I don’t know. I really think it’s sort of a perfect example of a band that only lasted as long as it could have. We don’t get into it so much, but Ken will tell you again, he was a huge drinker, and not a very good band member. He wouldn’t show up sometimes. Him and Janis Joplin and Pigpen would drink entire bottles of bourbon sometimes together. So he was not a healthy person then, Ken. It almost became like, get up there and do your thing, Ken, and he was drunk, and he would just do it.

So there was some serious issues. I think Ed got very political and was so busy that he even said – it’s not in the film, but in one of our interviews – I wanted to take the time to write a really antiwar song, or I wanted to write more songs. But I didn’t have the time. And Tuli needed someone like Ed to keep him going on things like that. He wrote some amazing songs. But I think in a way they lasted exactly as long as they should have, and could have. Separately, they might have been able to do more. And they did.

But they were never only musicians. That’s the key thing, that they really were more than that. When I talk to [Ed], he’s always moving on, he’s like, I just gotta write one more book, I’m gonna write another book. He’s always got stuff going on. So shout-out to Ed for being committed to getting the work done, and all these years. He’s a creative force.

Ed Sanders’s autobiography.

How do you see the legacy of the Fugs now, long after they broke up?

I think any band that’s out there doing wild stuff. When I wear my Fugs shirts now, people say, oh, the Fugs! Some guy in a band said, we do a cover of “I Couldn’t Get High,” and everyone thinks it’s our song. And I tell ‘em, no, it’s the Fugs. They’re a perfect discovery for people who – people love discovering unknown things, and their archive is vast. Also, they’re TikTok ready. “Boobs a Lot” is a TikTok-ready song. 

In little clips, they’re amazing. So in some sense, I really hope people rediscover the catalog. I keep telling Ed, you’ve got to manage your legacy better musically, because it was a little bit left unmanaged. And still is, kind of. He’s in control of things, but I do see in the future someone organizing it better and hopefully it being presented well. Like the Velvets has gotten—a reassessment and a look at it. I really think if they’re edited and curated well, the Fugs have amazing gems, as you can find in the film. There’s more that I didn’t put in. I hope to put out a playlist, or at least maybe get a Light in the Attic to put out a soundtrack album, or something.

It is the kind of music that I think still sounds fresh, and it sounds like a discovery. ‘Cause nobody quite sounds like the Fugs, let’s be honest.

Are there plans for a home video release that might have more footage?

I’ve definitely got a lot of that stuff. I’m thinking about it. Certainly Aline Crumb’s story of getting dope backstage didn’t make it in the film, but that’s a great story. There’s more gems in there. I’m a very tight editor, and I cut things out all the time. I’ve still got stuff from the Barbara Rubin film that I should release.

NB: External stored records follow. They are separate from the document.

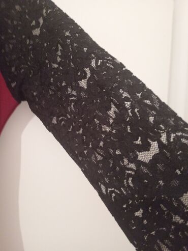 - Gornji deo i rukavi: crna providna čipka, rukavi 3/4 dužine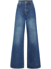 wide-leg jeans Highlights - Indigo blue - Concealed fly and button fastening - Belt loops - Classic five pockets - Logo plaque Imported Composition Outer: Cotton 100%, Polyester 100%, Metal 100% Lining: Polyester 65%, Cotton 35%
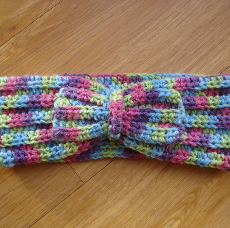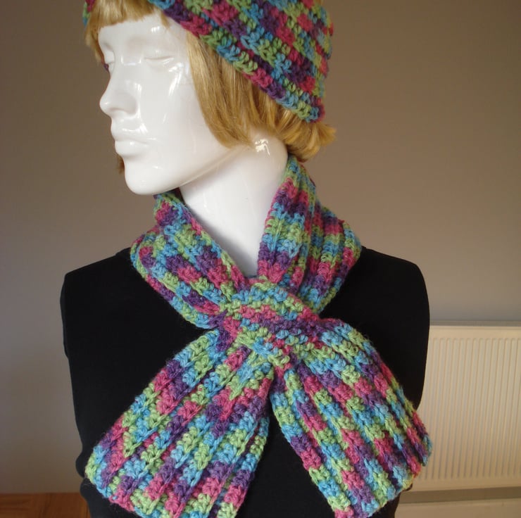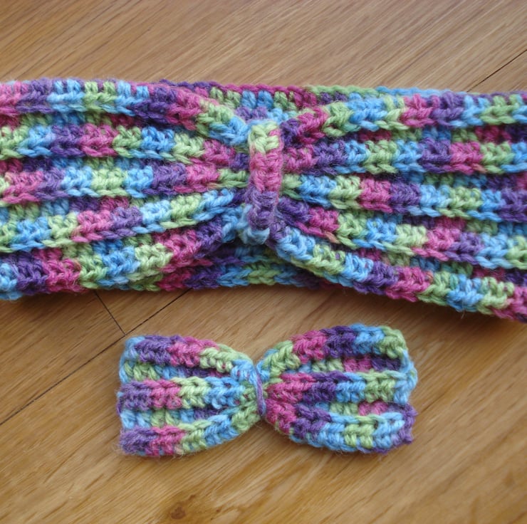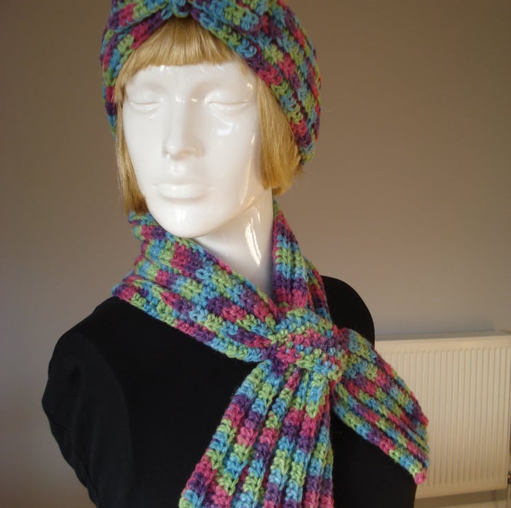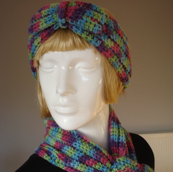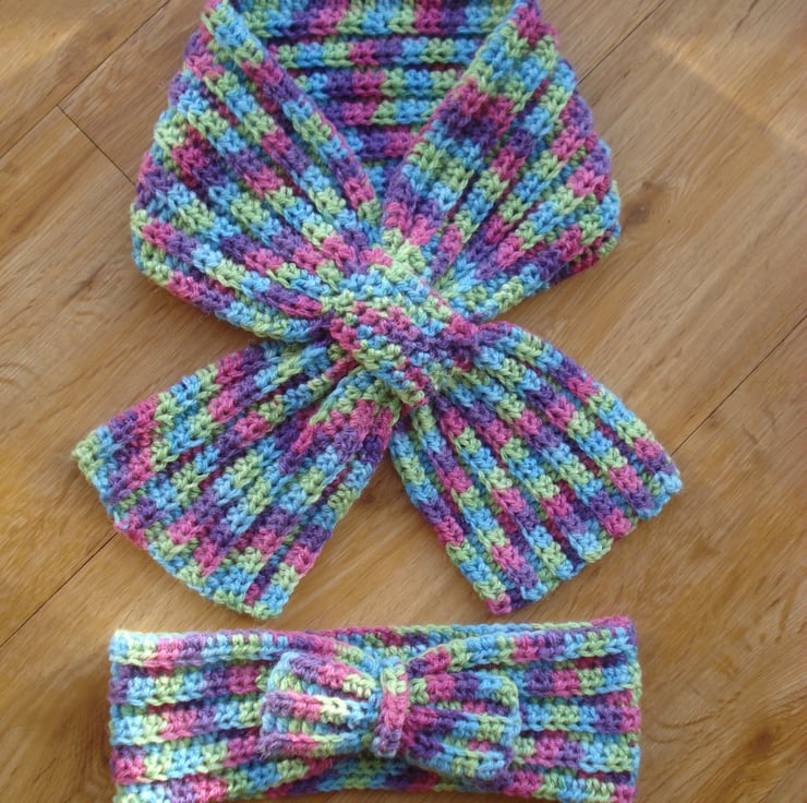 This is a crochet set of a scarf and headband. The yarn is a wool and acrylic thick Aran in pinks, greens and blues, really warm and cosy. The scarf pulls through a small tube opening at the neck, looks great inside a coat or over a jumper, really neat. The headband is in the turban style and made with the same yarn to match the scarf it also has a removable bow. Would make a great gift.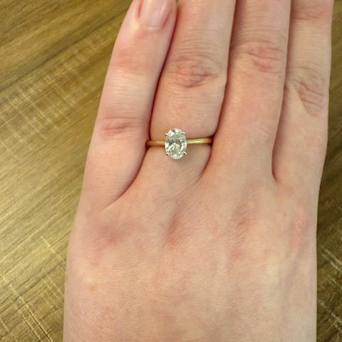 Luonnontimantti 0,80 ct sävyssä M, VS2, 18k keltakultainen flakkarunko. 2025.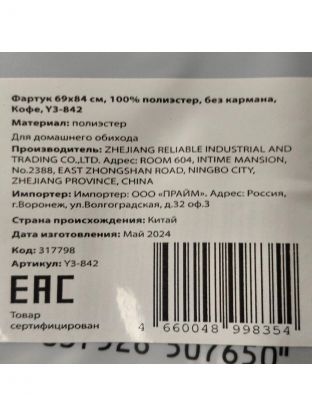 Фартук 69х84 см, 100% полиэстер, без кармана, Кофе, Y3-842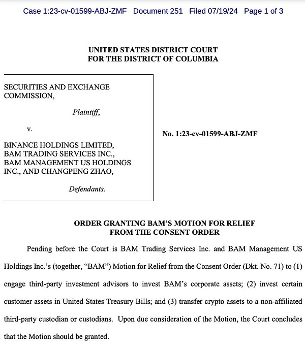 根据美国哥伦比亚特区地方法院下达的命令,币安将能够通过第三方投资经理将“某些”客户资金用于投资,只要币安确保这些资金不会被重新投资到公司或其任何相关实体。

Was the Doc NYC screening the first one?

Yes. Two showings, it sold out. We have one more screening December 1, at Upstate Films, Saugerties [New York State]. We’re gonna do a sneak peek, and that’ll be on Zoom, and I’ll be there. There’ll be no more showings until 2026. Then we hope to do some more festivals, maybe get out to the west coast, and then find a streamer or some way to release it online.

You’ve gotten good reactions so far?

Yeah. I’m not trying to brag, but people have liked it a lot. What I really like is young people have liked it. I was going to one of the Doc NYC events the other day, and like a 25-year-old who was checking tickets at the door said hey, thank you so much for making that movie, that was the best thing I saw. Then this woman from Brazil said, oh man, that’s film’s amazing, the aesthetic is so cool. But the ‘60s are always cool, I think, for younger people. I really hope young people discover the Fugs. Certainly the old radicals are loving it, but so do the younger people, which has really made me feel good. These are deep dives into stories, and the Fugs are a rich one. 

What are you doing next?

I have two projects that are hot to trot. One is a David Cassidy/Partridge Family musical, actual theater, that I’m working on, which I’m really excited about. I think their catalog has been woefully ignored. Just before the Fugs, I wanted to do Bobbie Gentry, who’s amazing. Even if you don’t get to talk to her, keeping the mystery is amazing. She has not talked to anybody. Apparently she kept all her own publishing, and she wrote all those songs. She’s genius. I love mysteries like that, and I would love someone to do it if I can’t do it. But boy, it’s a good story. And the songs sound good.